Parsl / parsl

Parsl - a Python parallel scripting library
http://parsl-project.org
Apache License 2.0
508 stars 195 forks source link

radical pilot sequential task throughput is very slow #2982

Closed benclifford closed 11 months ago

benclifford commented 1 year ago

Describe the bug In the pytest test suite, the test suite takes around 10 minutes to execute.

This is in comparison to around 11 seconds with the high throughput executor and 3 seconds with the local thread executor.

I haven't dug into the codebase but this is likely due to delays in task-end-to-next-task-starting that comes from some polling loop - that was the problem in htex and is a problem in the Work Queue executor (see #2801)

This is annoying in CI, but also could be a performance problem for end users running workflows which have a lot of "task-end-causes-next-task-to-launch" behaviour: for example, workflows with deep dependencies and short tasks; and workflows where the user has implemented their own steering mechanism (eg @WardLT 's work)

To Reproduce see CI

Expected behavior This should be "fast"

Environment CI

cc @AymenFJA @andre-merzky

AymenFJA commented 1 year ago

@benclifford thanks for raising this. Based on your explanation I used the same approach you used to debug in WQ here in RP.

I quote from the WQ ticket:

submit two tasks, one which depends on the other. observe a 1 second delay between task 1 completing on the worker and task 2 starting on the worker.

These are the numbers that I got when I submitted 2 tasks (Python functions) where task2 depends on task1 and i measure from the time task 1 was completed - the time task2 was launched from 2 endpoints:

  1. The runtime system workers side (RP)
  2. The RPEX executor.

This is my reproducer:

# Map function that returns double the input integer
@python_app
def app_double(x, parsl_resource_specification={}):
    return x * 2

@python_app
def app_sum(inputs):
    x = sum(inputs)
    return x

t1 = app_double(5, parsl_resource_specification={'ranks':1})
t2 = app_sum([t1.result()])

print(t2.result())
  1. The runtime system workers side (RP) Task1 completed and got the results:
    1701275858.578 : master.000000.worker.0000 : 14556 : 139647799764736 : DEBUG    : got   result: [{'type': 'task', 'tmgr': 'tmgr.0000', 'uid': 'task.000000'

Task2 is was launched on the worker:

1701275858.699 : master.000000.worker.0000 : 14570 : 140609763399424 : DEBUG    : applied: task.000001: 14665: dict_keys([14665])

Time difference:

1701275858.699 - 1701275858.578 = ~0.1209s
  1. The executor side (timestamps are reported by Parsl logger): Task1 completed and got the results:
    1701275858.608324 2023-11-29 11:37:38 MainProcess-11909 Thread-22-140435271960320 parsl.dataflow.dflow:552 _complete_task INFO: Task 0 completed (launched -> exec_done)

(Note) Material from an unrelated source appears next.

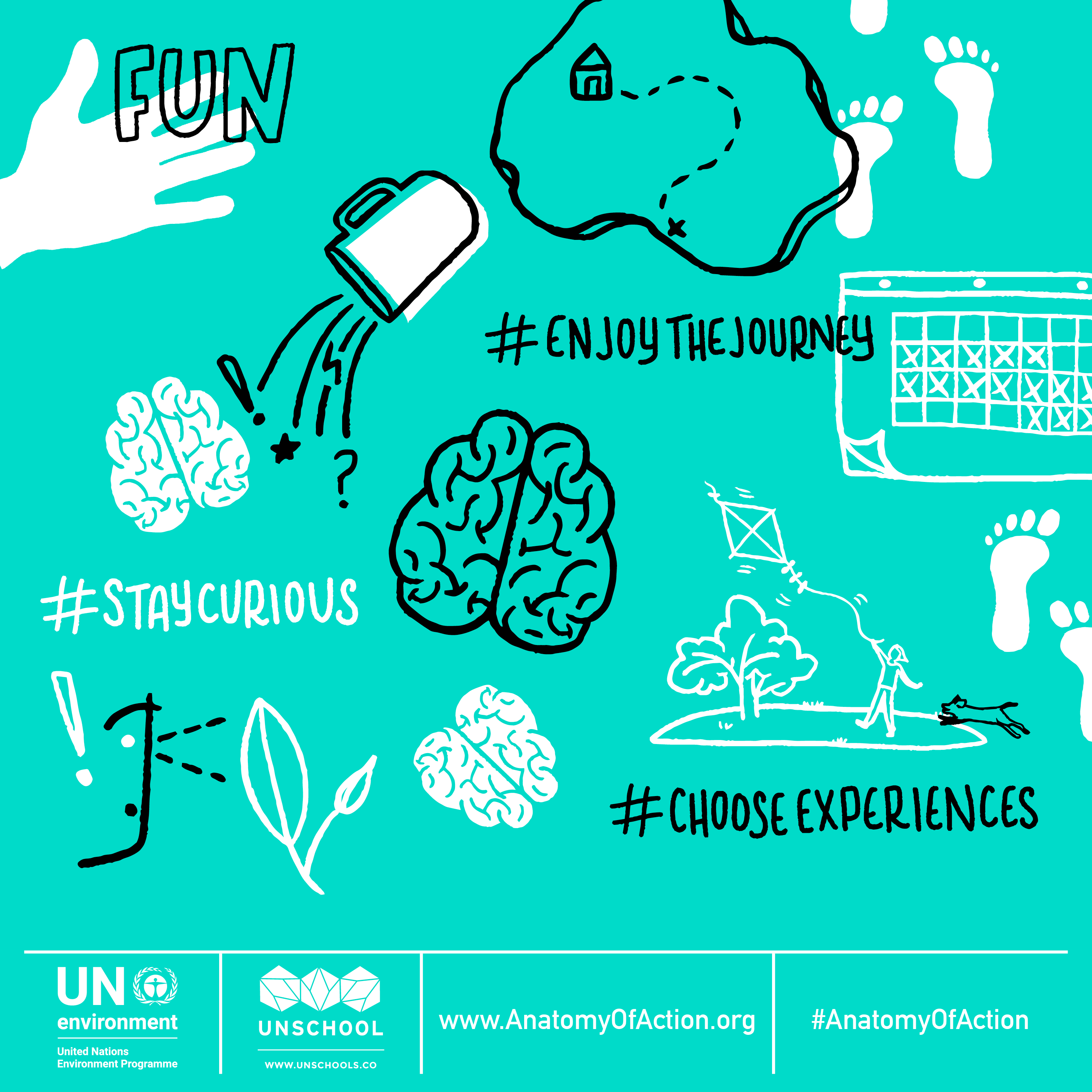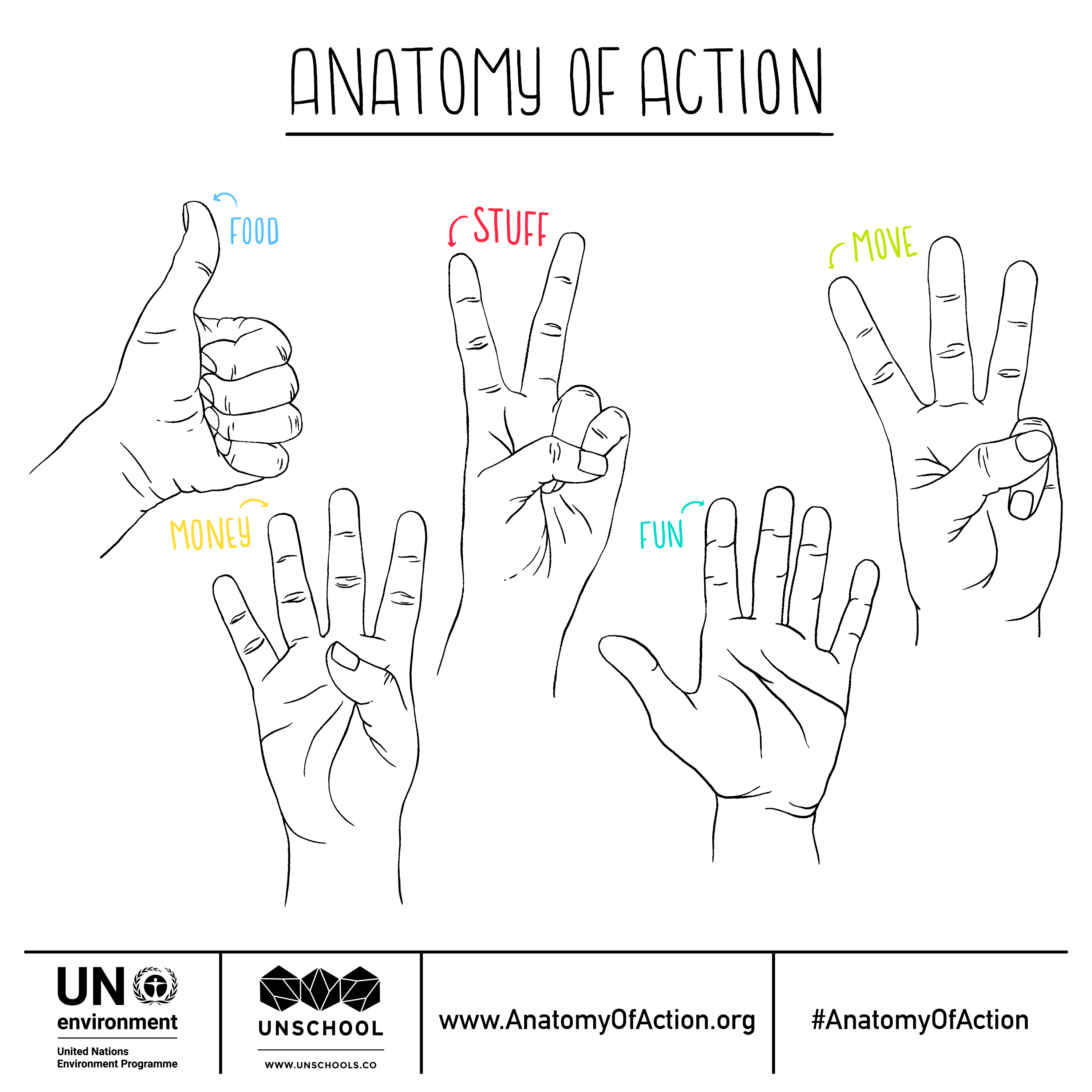 Each of us makes choices every day that impact on the world around us. Since we often use our hands to take these actions, the simple memetic concept of the Anatomy of Action is a visual reference to a hand, with each finger representing a different lifestyle area where swaps can be made: the food we eat, the stuff we buy, how we move, the ways we spend our money, and the fun things we do. Each of these five main lifestyle themes have three sub-actions that are positively focused, such as “protein swaps,” “beyond buying” and “choose experiences.” Individual changes not only help change the local and global economy (as many industries respond to consumer demand), but they also have impacts across the entire supply chain and help to normalize these new actions to others around us, creating a chain reaction of change. Moreover, many companies and governments respond to the preferences of consumers, so it can help to shift what products and services are designed and made available.

Task2 was launched on the worker:

1701275858.617444 2023-11-29 11:37:38 MainProcess-11909 MainThread-140437814228800 parsl.dataflow.dflow:728 launch_task INFO: Parsl task 1 try 0 launched on executor RPEX

Time difference:

1701275858.617444 - 1701275858.608324 = ~0.00911s

If my analysis is correct I do not think that this is the issue and we need to dig deeper.

AymenFJA commented 12 months ago

@benclifford this PR #2988 improves the performance in general and should address the issue of this ticket.